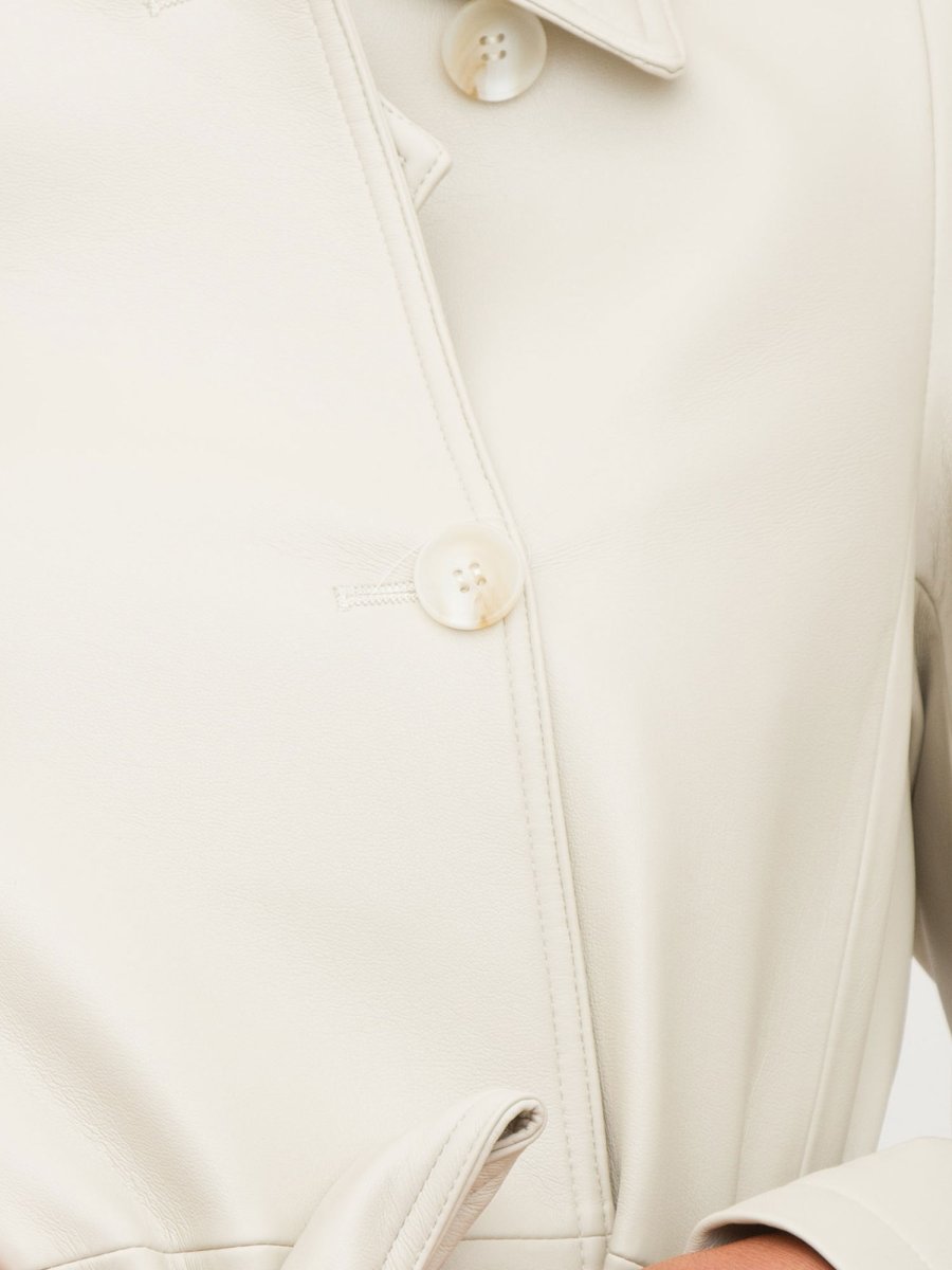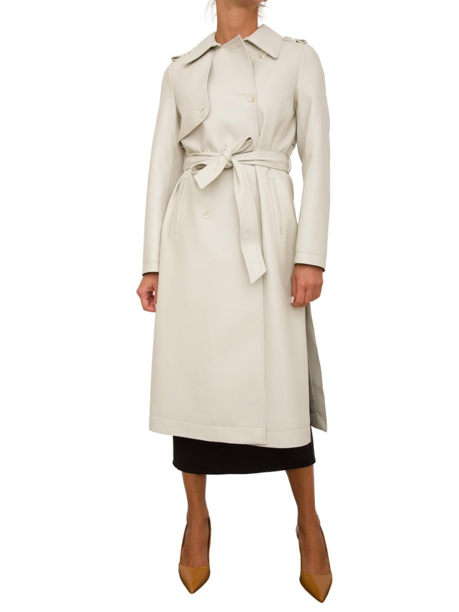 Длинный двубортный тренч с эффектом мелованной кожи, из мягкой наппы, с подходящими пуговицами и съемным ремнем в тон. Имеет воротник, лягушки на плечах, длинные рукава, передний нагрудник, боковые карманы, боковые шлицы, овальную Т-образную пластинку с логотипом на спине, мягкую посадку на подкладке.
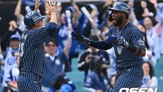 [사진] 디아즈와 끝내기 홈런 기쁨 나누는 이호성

==

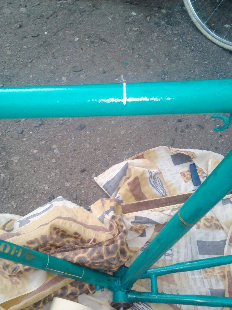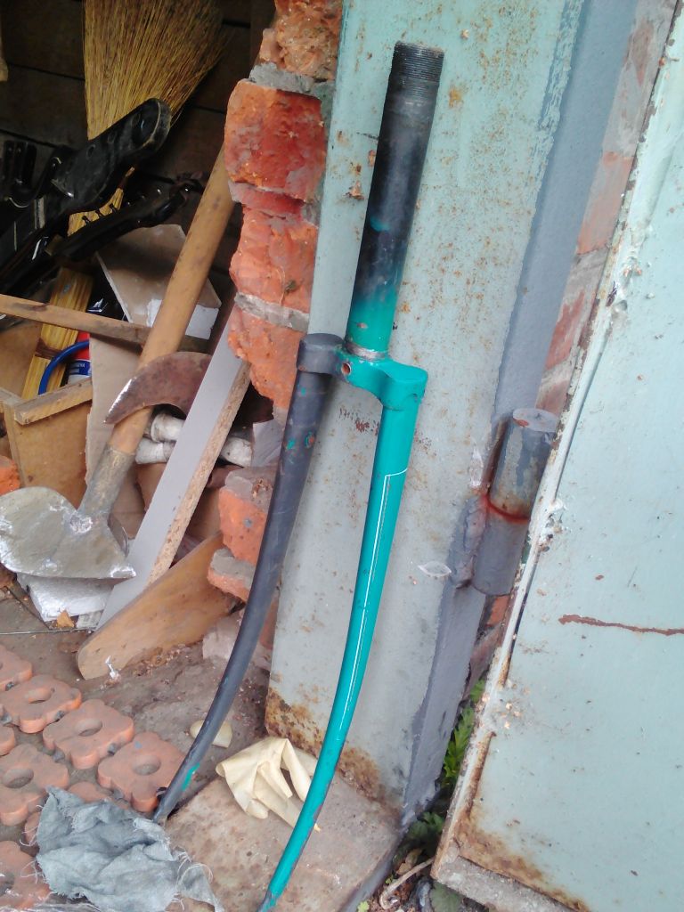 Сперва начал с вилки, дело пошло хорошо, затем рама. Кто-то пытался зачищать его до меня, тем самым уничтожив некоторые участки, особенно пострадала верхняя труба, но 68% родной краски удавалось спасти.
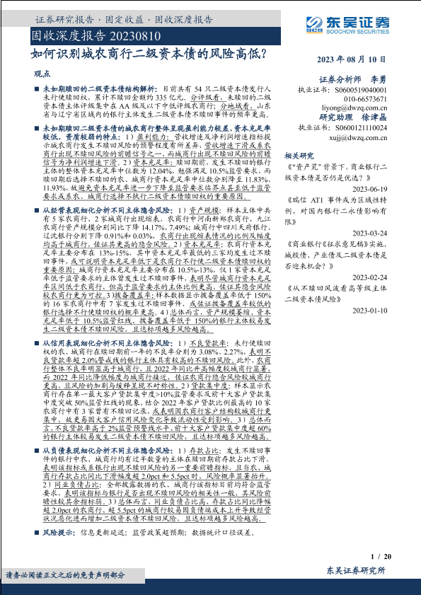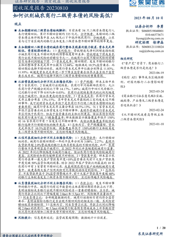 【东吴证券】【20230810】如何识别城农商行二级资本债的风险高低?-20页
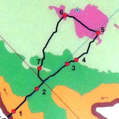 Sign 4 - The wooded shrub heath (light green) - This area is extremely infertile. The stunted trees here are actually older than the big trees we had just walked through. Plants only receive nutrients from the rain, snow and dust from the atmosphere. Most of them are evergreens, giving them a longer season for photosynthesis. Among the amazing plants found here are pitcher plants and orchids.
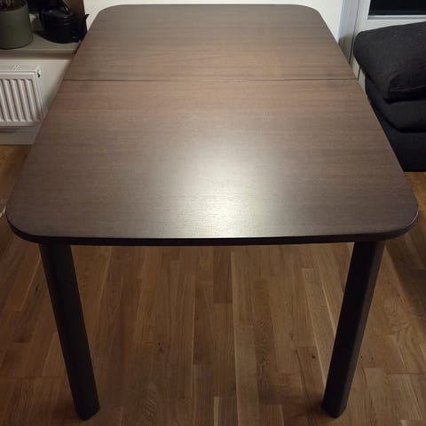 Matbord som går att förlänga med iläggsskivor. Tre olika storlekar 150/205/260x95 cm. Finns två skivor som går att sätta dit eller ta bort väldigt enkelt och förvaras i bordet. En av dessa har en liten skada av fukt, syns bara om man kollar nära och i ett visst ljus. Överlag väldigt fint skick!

* * *

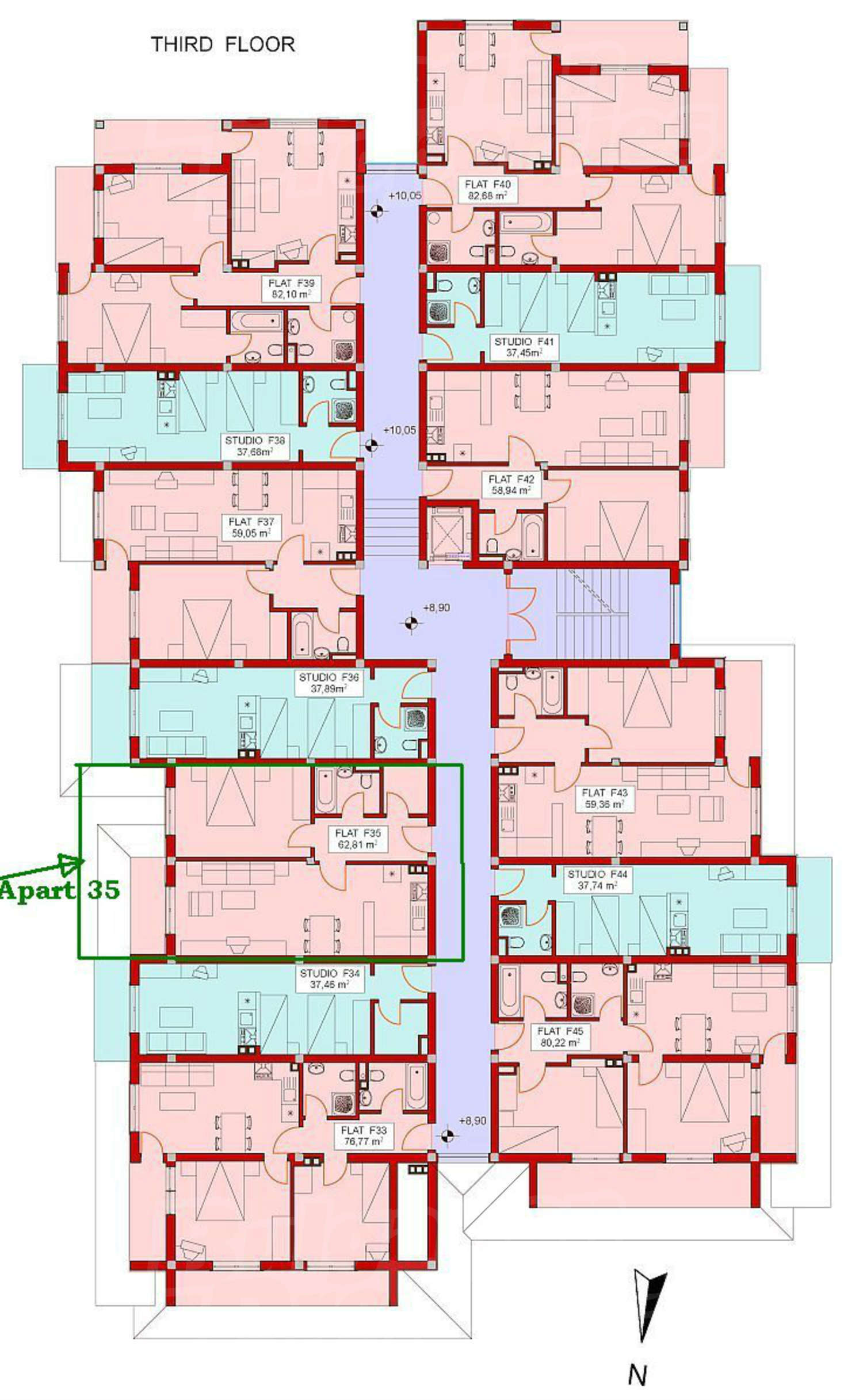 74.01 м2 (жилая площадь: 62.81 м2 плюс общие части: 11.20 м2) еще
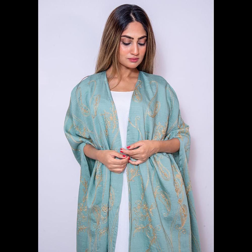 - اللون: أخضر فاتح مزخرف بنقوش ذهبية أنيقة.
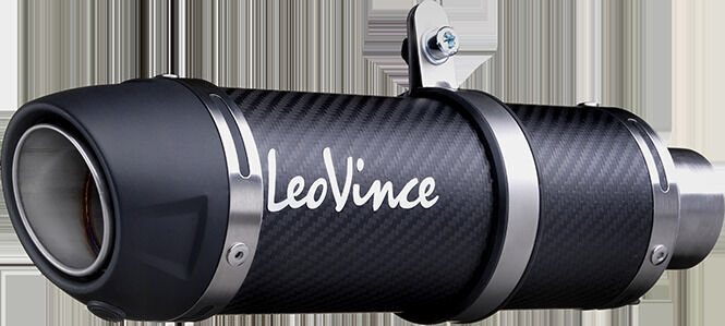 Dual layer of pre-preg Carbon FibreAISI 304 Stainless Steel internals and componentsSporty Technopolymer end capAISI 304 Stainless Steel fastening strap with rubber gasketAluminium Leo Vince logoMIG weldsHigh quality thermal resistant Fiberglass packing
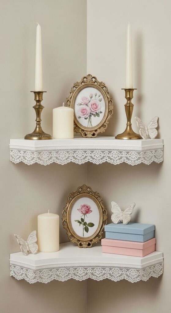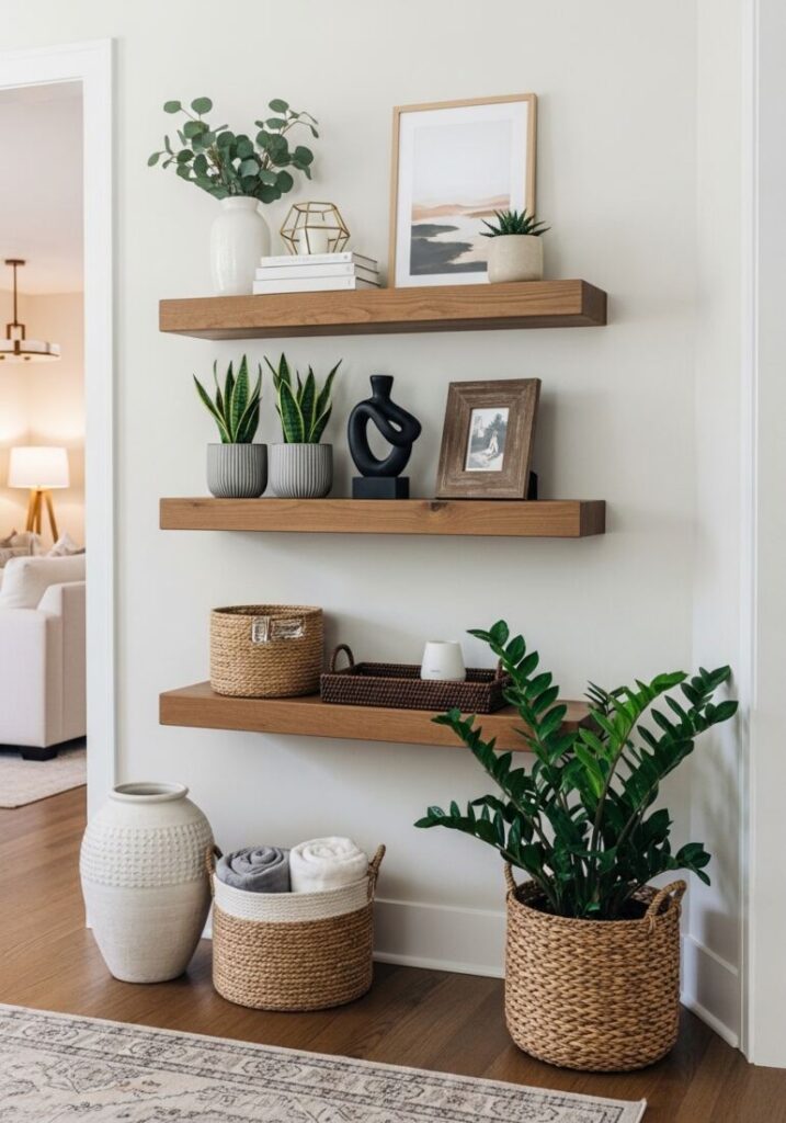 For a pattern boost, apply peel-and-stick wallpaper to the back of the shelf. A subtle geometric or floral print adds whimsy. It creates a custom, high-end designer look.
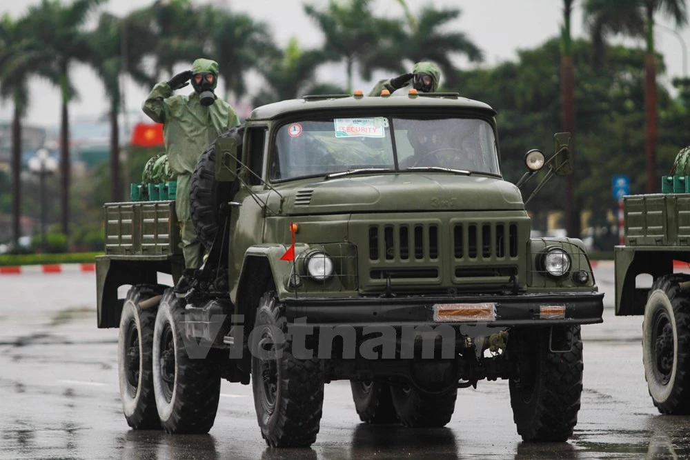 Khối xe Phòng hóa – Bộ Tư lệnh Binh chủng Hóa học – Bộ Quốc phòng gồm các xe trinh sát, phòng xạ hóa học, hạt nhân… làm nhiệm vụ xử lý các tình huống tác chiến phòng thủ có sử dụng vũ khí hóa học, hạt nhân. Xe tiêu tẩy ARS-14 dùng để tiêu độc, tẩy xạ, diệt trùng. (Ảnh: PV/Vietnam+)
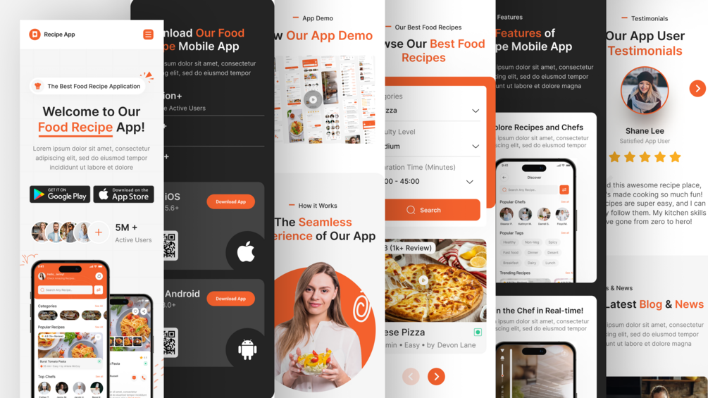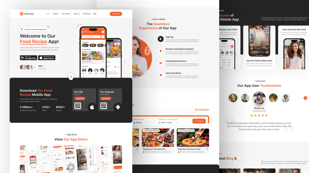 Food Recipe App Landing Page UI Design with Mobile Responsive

▶ **Problem to work on**
In the material above, one part opens with the line containing "Khối xe Phòng" and closes with the line containing "Food Recipe App". Write out that part exactly and skip its pictures.

▶ **Reply to the exercise**
 Khối xe Phòng hóa – Bộ Tư lệnh Binh chủng Hóa học – Bộ Quốc phòng gồm các xe trinh sát, phòng xạ hóa học, hạt nhân… làm nhiệm vụ xử lý các tình huống tác chiến phòng thủ có sử dụng vũ khí hóa học, hạt nhân. Xe tiêu tẩy ARS-14 dùng để tiêu độc, tẩy xạ, diệt trùng. (Ảnh: PV/Vietnam+)
 Food Recipe App Landing Page UI Design with Mobile Responsive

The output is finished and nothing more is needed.